Check it! a 1980 Black  Schwinn Cruiser 5 in MINT condition, fully dressed with the goodies, atom drum breaks, the super saddle, and likely has, for this condition mint set of knobby balloon tires, those will go for 250 plus ship on e-bay alone..
DEAL 90 bucks!!  

http://fortmyers.craigslist.org/lee/bik/4914787201.html

Hold Ur Horses!! before gets panties in a wad read below photo.






I caught this just hours after listing. and first thing began googling the telephone number: (614) 385-2598

And holy crap! it links to several spam or hacks into personal and or pot and pill  sales sites offering blind delivery anywhere on the globe or money back guarantied if cops get it. There's a 20 year old girl with a personal blog, which this appears as if could have been listed by, who writes a little of her high school and current collage experiences which it links to as well.  it's on a few face book pages and from them you can discover, not just the name of company making these offerings but business name and address!!.. . 

It appeared late at night so, even though it linked all around, I was determined if real, I'd be the first to nab it!!  the phone has a message by a guy who may be Mexican, black or east Asian, sounding sleepy or high that says 'it's too early text him'..

In text you get replies such as "How much do you need and when do you want it" Which strain do you want" etc. 

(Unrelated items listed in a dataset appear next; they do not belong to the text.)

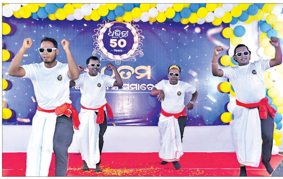
କାର୍ଯ୍ୟକ୍ରମରେ ଧରିତ୍ରୀ ଆଇଟି ଚିମ୍ପର ବିକାଶ, ରାଜୀବ, ସ୍ମୃତିରଞ୍ଜନ ଏବଂ ମନୋରଞ୍ଜନ ବାବା ନୃତ୍ୟ ଓ ଗୀତ ପରିବେଷଣ।
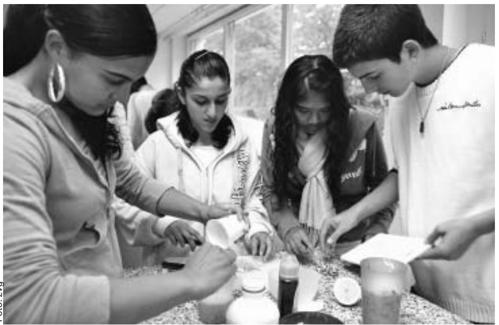
Gemeinsam kochen, damit das Gelernte auch über den Geschmacksinn erlebt wird.
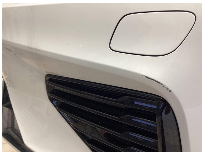
1.3 Ripe(r) ned til grunning - Flekket
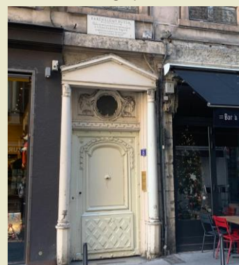
Maison de barthélemy Buyer
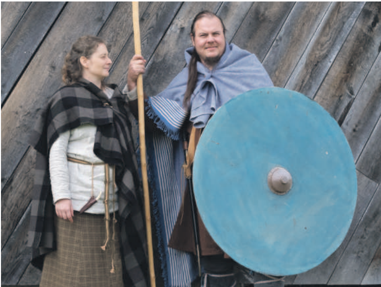
Typische Kleidung der Germanen um 235 n. Chr. ©Dr. Holger Gilhaus, Göttingen

Das Schlachtfeld ist gut erhalten und lohnt einen Besuch. Wissenschaftler gehen davon aus, dass es bei dieser Schlacht keinen eindeutigen Sieger gab. Zwar machten die Germanen wohl reichlich Beute, aber die Römer zogen ohne allzu große Verluste weiter in Richtung Süden. Neben Gästeführungen können sich Besucher auf einem Themenpfad, der über das Gefechtsfeld führt, über die Kampfhandlungen und die hier gemachten Funde informieren. Ein Informationsgebäude und diverse Schautafeln am Wegesrand vermitteln einen interessanten Einblick in das Geschehen um 235 nach Christus. Das Gebäude und Gelände ist von April bis Oktober jeden Sonntag in der Zeit zwischen 11 Uhr und 16 Uhr und jeden dritten Samstag im Monat ebenfalls von 13 Uhr bis 16 Uhr für Besucher geöffnet. Von November bis März dann wieder sonntags von 13 Uhr bis 16 Uhr. Eine etwa zweistündige öffentliche Führung beginnt am Informationsgebäude jeweils um 14 Uhr. Der Zu-
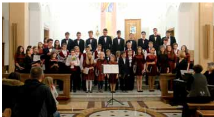
Połączone chóry Pueri Cantores z Limanowej i II Canto Magnificat z Warszawy-Wesołej podczas koncertu w parafii p. w. NSPJ – Stara Miłosna
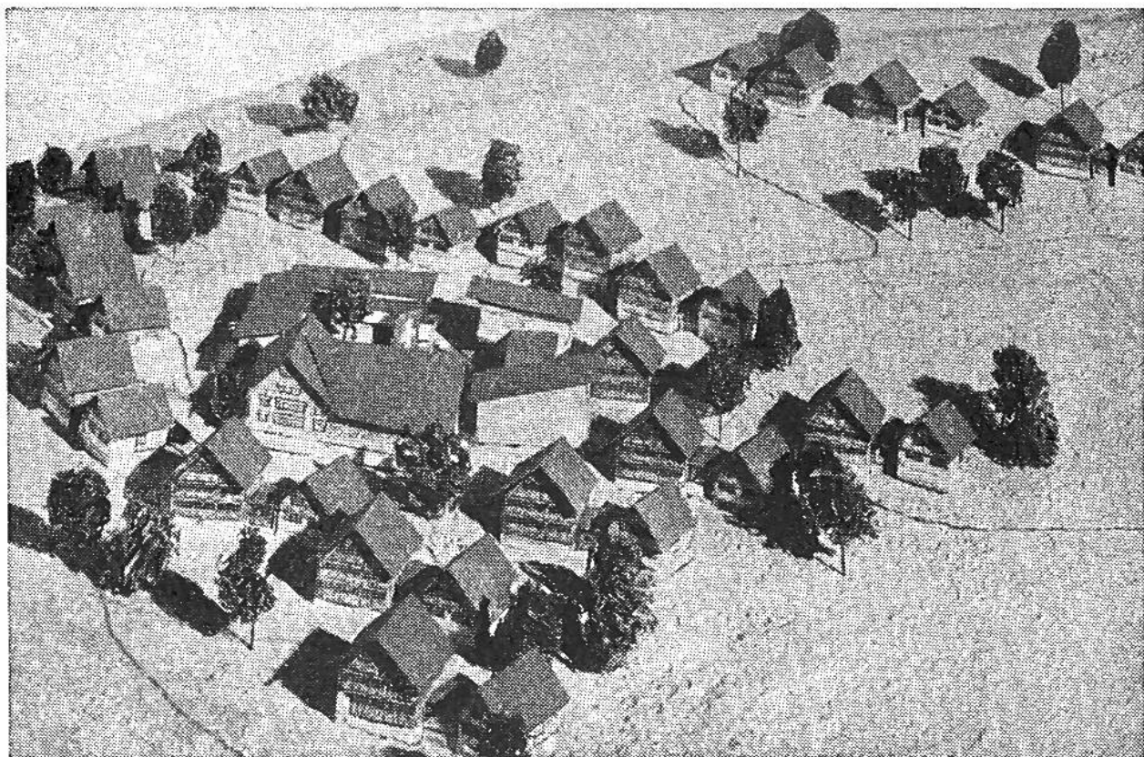
Das Modell des Kinderdorfes, das von Architekt Hans Fischli erbaut wird: ein helles, frohes Dorf aus heimeligen Häusern im Appenzeller Wohnhausstil.
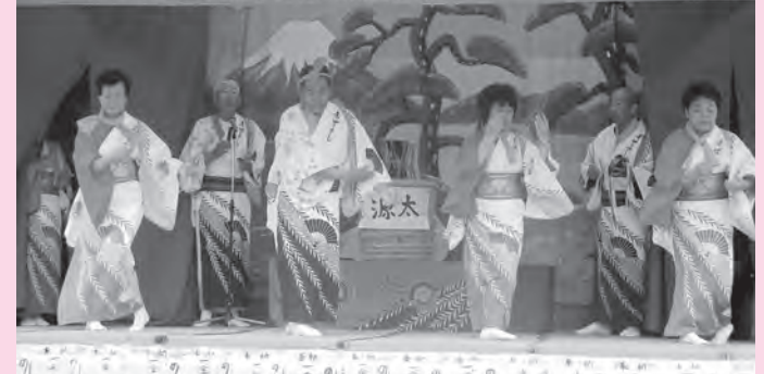
昨年の畔吉の万作踊り
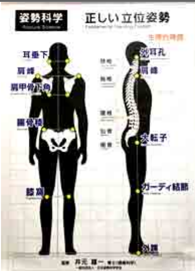
一番疲れない、身体の可動しやすい正しい姿勢(生理弯曲のある脊柱)

そして、骨格がまだ未発達の子どもの健やかな成長のため、「姿勢教育」にも力を入れています。今年度、姿勢の専門家から皆さんに、「姿勢についての知識」をお伝えしようと思います。
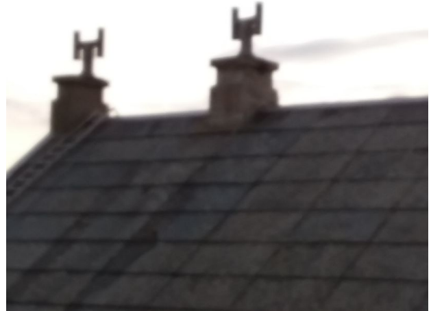
Rundt piper er det støpt en krans, men her er det nå lekkasjer på to av pipene.
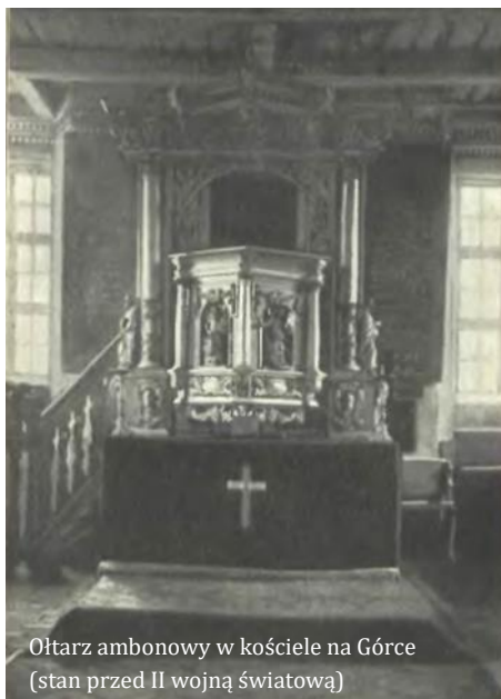
Ołtarz ambonowy w kościele na Górcie (stan przed II wojną światową)

Po I wojnie światowej bytowską społeczność ewangelicką podzielono na dwa zbory: zachodni (przy kościele św. Jerzego), do którego obok zachodniej części Bytowa należały też Dąbie, Gost-
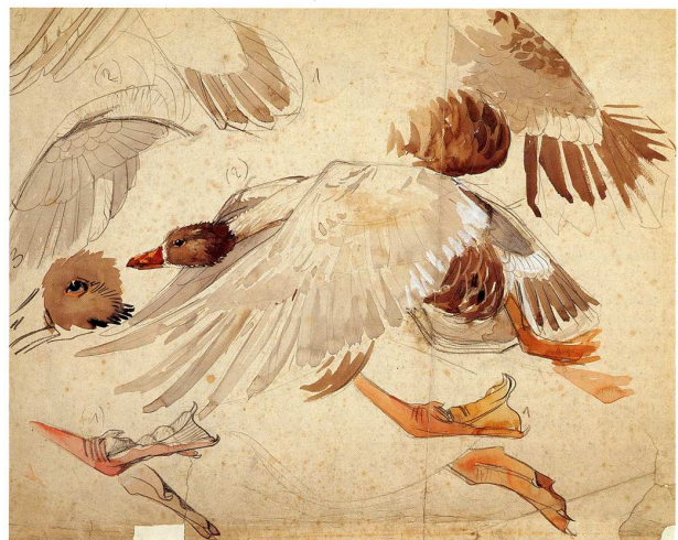
Mathurin Méheut Oie en vol : étude 36.8 x 46 cm Musée Mathurin Méheut, Lamballe

sauterelle vue dans les tranchées sur le front de la Grande Guerre aux animaux d'un cirque croisé en Finistère, des biches sacrées des temples japonais aux chevaux des haras de Lamballe. Du plus petit organisme observé au creux d'un rocher à Roscoff au plus grand mammifère, de l'animal familier au fauve redoutable, mêmes les animaux généralement considérés comme vermine nuisible, tous le captivent et lui inspirent d'innombrables motifs pour ses différents travaux. Il réalise ainsi de véritables descriptions analytiques de la flore et de la faune, dont l'intérêt documentaire est reconnu par les scientifiques.
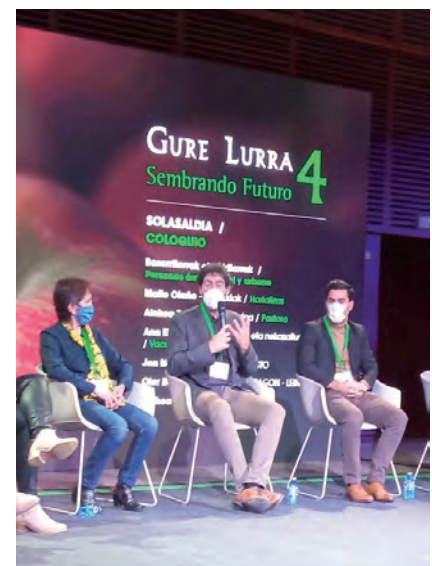
GURE LURRA. IARDUNALDIA

"Ezinbestekoak al gara?". Gure baserritarrek gizarte honetan egiten duten lanaren garrantziaz gogoeta egin eta kontzientzia hartu behar dugu".
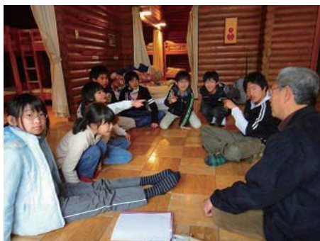
オリエンテーションは輪になって

8:39 アルペン伊那号が出発。途中、養老SAで昼食のお買い物ゲーム。小学生500円、高校生600円の予算。時間が5分し
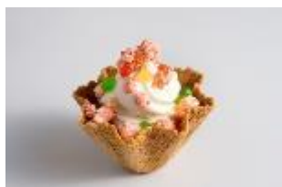
ポップランチソフト 480 円
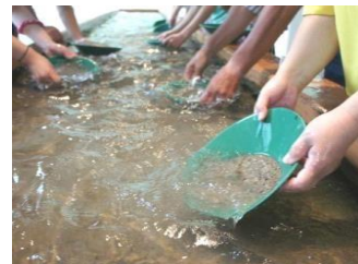
西三川黃金公園淘金體驗
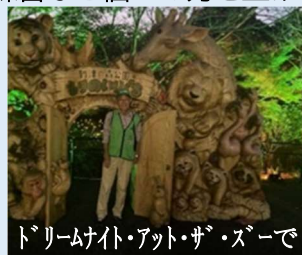
ドリームナイト・アット・ザ・ズーで

ドリームナイトで感謝されたことを糧に、わかりやすいガイドを心がける一方、入会説明会での勧誘や、他Grとの掛け持ちも奨励し増員を図りたいと思います。
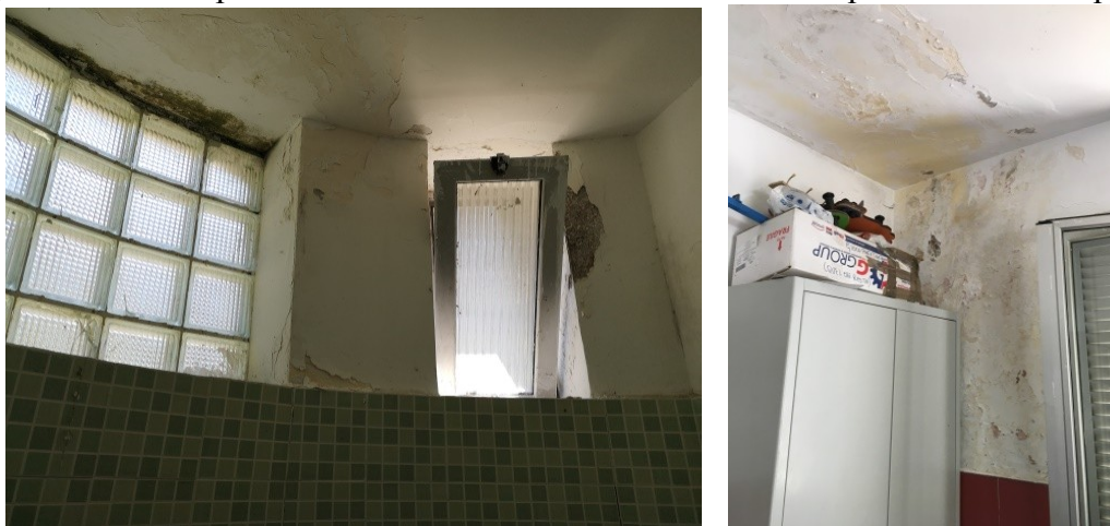
Servizi igienici e locale per il personale

I servizi igienici, così come i locali del personale, sono collocati all'interno del volume situato al centro del parco, questi presentano diverse problematiche di infiltrazioni d'acqua dovuti ad un'inadeguatezza dell'impermeabilizzazione dell'involucro oltreché a problematiche impiantistiche.

I'm not a snitch but, this one P.O.ed to to no end 'for 90 bucks? I WANT THAT DAM BIKE!!'  so guess who's coming to their dinner?? DEA! They think it's some type of coded message:. 'Calling all Bike collector's we have your stuff! Score here!" '


----------



## walter branche (Mar 11, 2015)

you rat someone out because you can not buy a bike


----------



## Jeff54 (Mar 11, 2015)

walter branche said:


> you rat someone out because you can not buy a bike



 LOL actually I ratted em out because I HATE scams! albeit I didn't let yawl in on it for the past 9 days because I been watching it every waking minute hoping to refresh it and find the number corrected.. without drum brake and seat, in mint condition ya got an easy 500 bucks, easy!, add those balloon knobby tires, seat and drum brake I could see a hard sale but $1,000 bucks for $90??   It ain't happening!, SCAM! Besides that google that number and see, this is a hard core operation,.. real  hARD CORE criminals running the show. aND ADVIISE YA DON'T EXPOSE YOUR SELF BY TEXTING IT TOO.


----------



## kz1000 (Mar 11, 2015)

Huh!


----------



## vincev (Mar 11, 2015)

That would have been a find.


----------



## ZOOK (Mar 11, 2015)

Thanks for the number just placed an order.


----------



## thehugheseum (Mar 11, 2015)

narc!


----------